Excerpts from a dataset
□ □ □ □ □
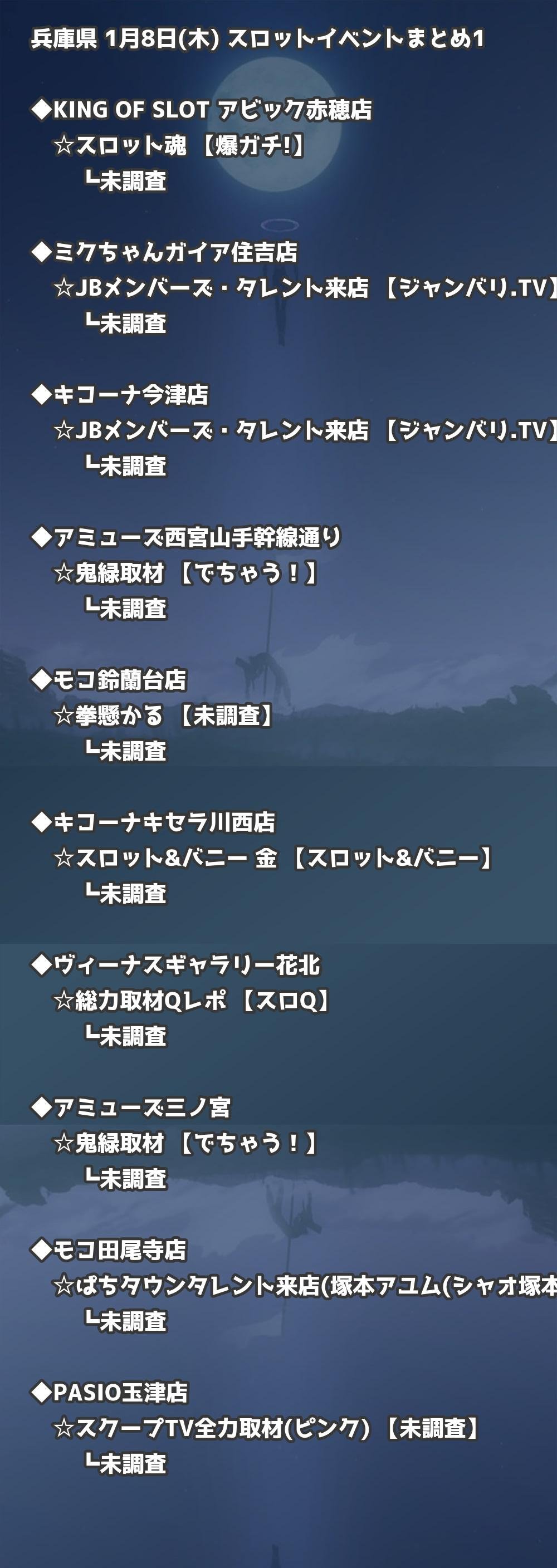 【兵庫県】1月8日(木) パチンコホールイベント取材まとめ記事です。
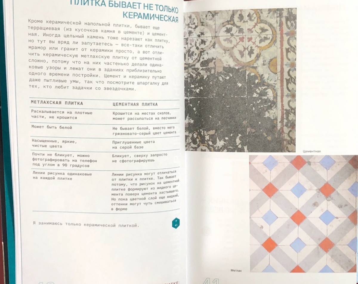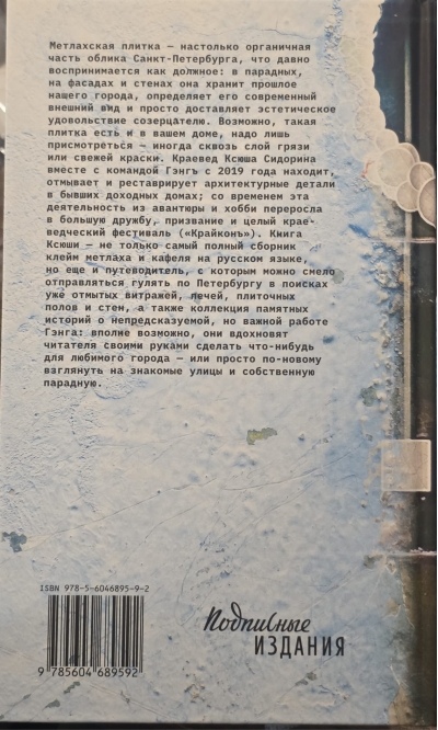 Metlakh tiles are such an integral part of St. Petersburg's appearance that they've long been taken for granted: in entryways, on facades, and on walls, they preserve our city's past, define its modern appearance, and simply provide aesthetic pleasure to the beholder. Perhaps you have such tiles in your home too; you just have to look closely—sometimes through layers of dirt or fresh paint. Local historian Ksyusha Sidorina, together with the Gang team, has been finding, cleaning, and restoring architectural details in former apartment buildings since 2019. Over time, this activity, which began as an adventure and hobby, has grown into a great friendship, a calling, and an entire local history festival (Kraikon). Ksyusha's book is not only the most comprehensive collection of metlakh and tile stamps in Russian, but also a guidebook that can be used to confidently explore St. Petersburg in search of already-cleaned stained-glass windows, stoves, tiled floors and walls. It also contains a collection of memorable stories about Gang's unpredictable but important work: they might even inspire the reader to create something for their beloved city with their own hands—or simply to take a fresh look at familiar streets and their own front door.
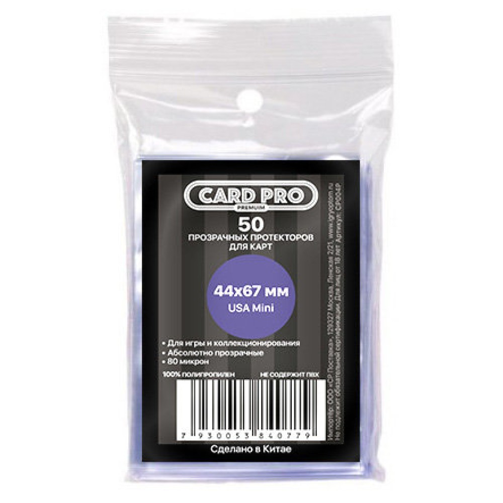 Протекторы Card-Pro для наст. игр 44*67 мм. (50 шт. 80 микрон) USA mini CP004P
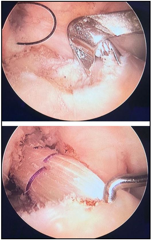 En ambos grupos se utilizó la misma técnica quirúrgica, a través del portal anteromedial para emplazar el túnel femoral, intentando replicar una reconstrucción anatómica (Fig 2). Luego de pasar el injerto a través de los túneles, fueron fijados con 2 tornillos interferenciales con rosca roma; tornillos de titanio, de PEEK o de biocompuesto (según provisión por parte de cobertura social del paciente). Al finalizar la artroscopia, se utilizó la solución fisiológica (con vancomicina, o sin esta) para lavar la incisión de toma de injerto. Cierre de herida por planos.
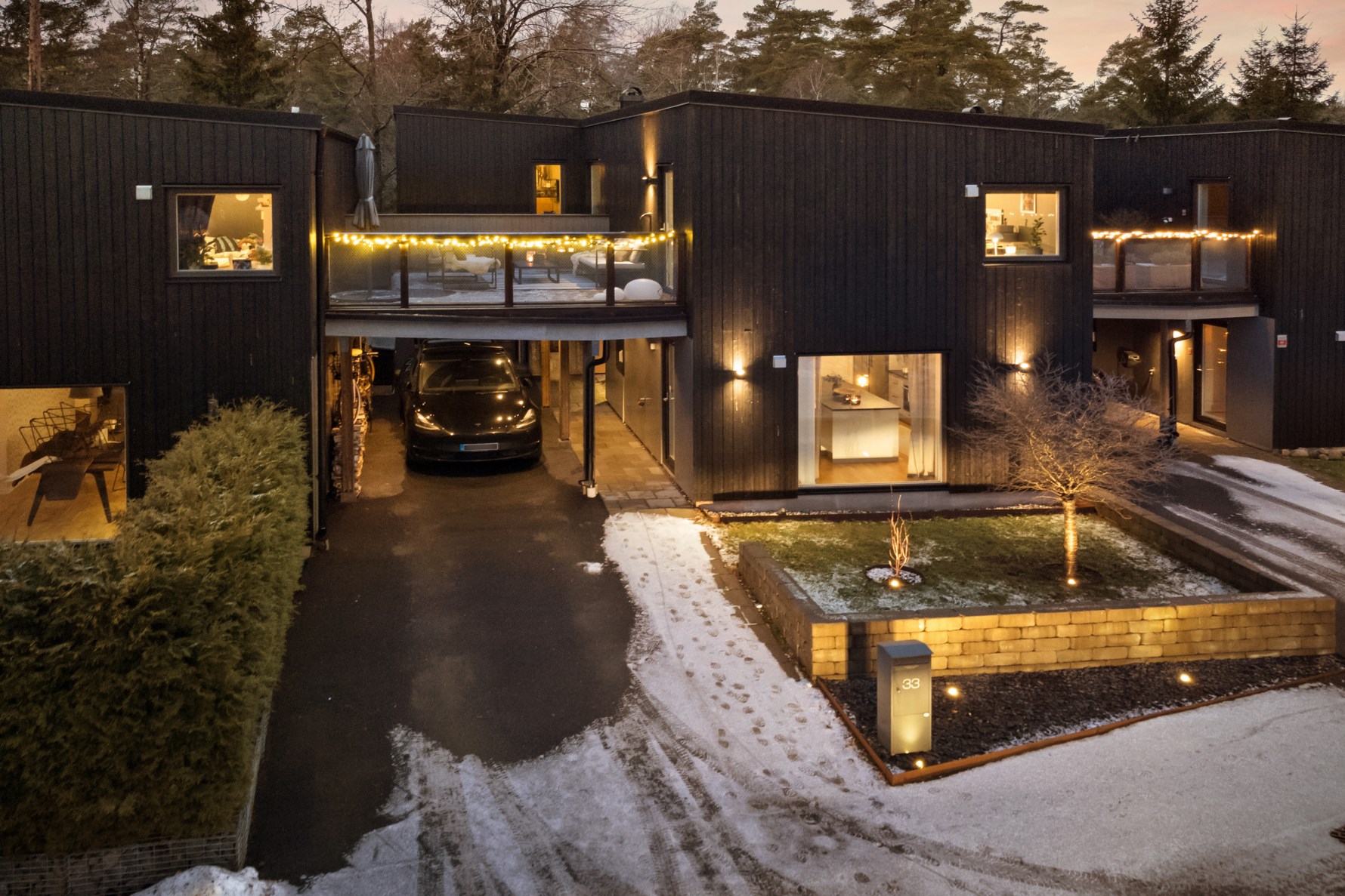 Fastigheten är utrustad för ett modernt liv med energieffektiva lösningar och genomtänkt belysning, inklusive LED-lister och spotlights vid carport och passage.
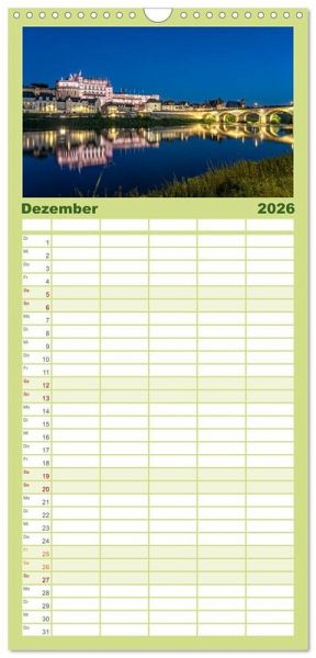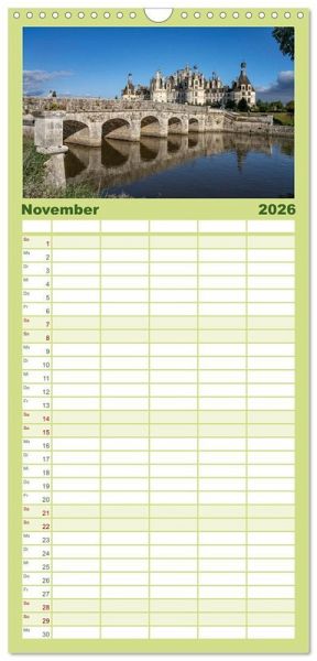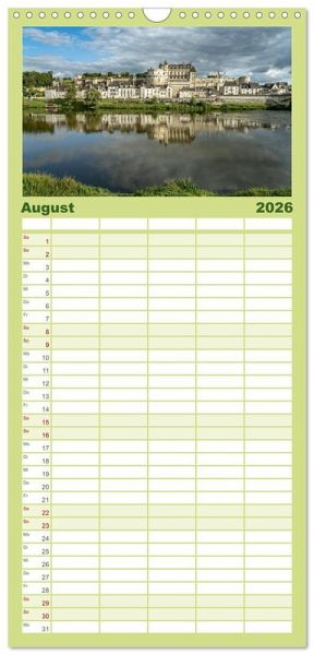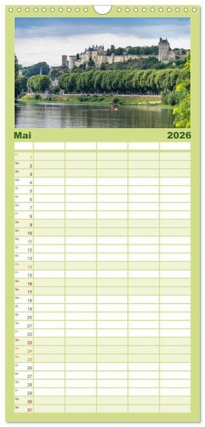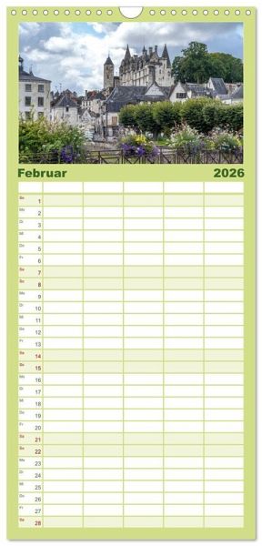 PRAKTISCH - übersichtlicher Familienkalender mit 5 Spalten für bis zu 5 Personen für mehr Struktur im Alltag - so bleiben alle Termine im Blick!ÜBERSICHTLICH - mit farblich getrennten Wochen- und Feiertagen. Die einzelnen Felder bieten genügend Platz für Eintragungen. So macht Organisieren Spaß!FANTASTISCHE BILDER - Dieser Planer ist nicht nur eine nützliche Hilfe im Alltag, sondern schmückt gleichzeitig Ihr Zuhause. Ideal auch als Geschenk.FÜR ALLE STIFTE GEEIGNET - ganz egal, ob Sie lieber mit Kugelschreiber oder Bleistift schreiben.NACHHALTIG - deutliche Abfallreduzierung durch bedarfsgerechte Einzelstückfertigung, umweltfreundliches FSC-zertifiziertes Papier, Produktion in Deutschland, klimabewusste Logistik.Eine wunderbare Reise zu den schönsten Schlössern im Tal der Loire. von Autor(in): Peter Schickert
□ □ □ □ □
■ Work to complete
Exactly reproduce each entry, but drop the pictures.

■ Result for this exercise
 【兵庫県】1月8日(木) パチンコホールイベント取材まとめ記事です。
 Metlakh tiles are such an integral part of St. Petersburg's appearance that they've long been taken for granted: in entryways, on facades, and on walls, they preserve our city's past, define its modern appearance, and simply provide aesthetic pleasure to the beholder. Perhaps you have such tiles in your home too; you just have to look closely—sometimes through layers of dirt or fresh paint. Local historian Ksyusha Sidorina, together with the Gang team, has been finding, cleaning, and restoring architectural details in former apartment buildings since 2019. Over time, this activity, which began as an adventure and hobby, has grown into a great friendship, a calling, and an entire local history festival (Kraikon). Ksyusha's book is not only the most comprehensive collection of metlakh and tile stamps in Russian, but also a guidebook that can be used to confidently explore St. Petersburg in search of already-cleaned stained-glass windows, stoves, tiled floors and walls. It also contains a collection of memorable stories about Gang's unpredictable but important work: they might even inspire the reader to create something for their beloved city with their own hands—or simply to take a fresh look at familiar streets and their own front door.
 Протекторы Card-Pro для наст. игр 44*67 мм. (50 шт. 80 микрон) USA mini CP004P
 En ambos grupos se utilizó la misma técnica quirúrgica, a través del portal anteromedial para emplazar el túnel femoral, intentando replicar una reconstrucción anatómica (Fig 2). Luego de pasar el injerto a través de los túneles, fueron fijados con 2 tornillos interferenciales con rosca roma; tornillos de titanio, de PEEK o de biocompuesto (según provisión por parte de cobertura social del paciente). Al finalizar la artroscopia, se utilizó la solución fisiológica (con vancomicina, o sin esta) para lavar la incisión de toma de injerto. Cierre de herida por planos.
 Fastigheten är utrustad för ett modernt liv med energieffektiva lösningar och genomtänkt belysning, inklusive LED-lister och spotlights vid carport och passage.
 PRAKTISCH - übersichtlicher Familienkalender mit 5 Spalten für bis zu 5 Personen für mehr Struktur im Alltag - so bleiben alle Termine im Blick!ÜBERSICHTLICH - mit farblich getrennten Wochen- und Feiertagen. Die einzelnen Felder bieten genügend Platz für Eintragungen. So macht Organisieren Spaß!FANTASTISCHE BILDER - Dieser Planer ist nicht nur eine nützliche Hilfe im Alltag, sondern schmückt gleichzeitig Ihr Zuhause. Ideal auch als Geschenk.FÜR ALLE STIFTE GEEIGNET - ganz egal, ob Sie lieber mit Kugelschreiber oder Bleistift schreiben.NACHHALTIG - deutliche Abfallreduzierung durch bedarfsgerechte Einzelstückfertigung, umweltfreundliches FSC-zertifiziertes Papier, Produktion in Deutschland, klimabewusste Logistik.Eine wunderbare Reise zu den schönsten Schlössern im Tal der Loire. von Autor(in): Peter Schickert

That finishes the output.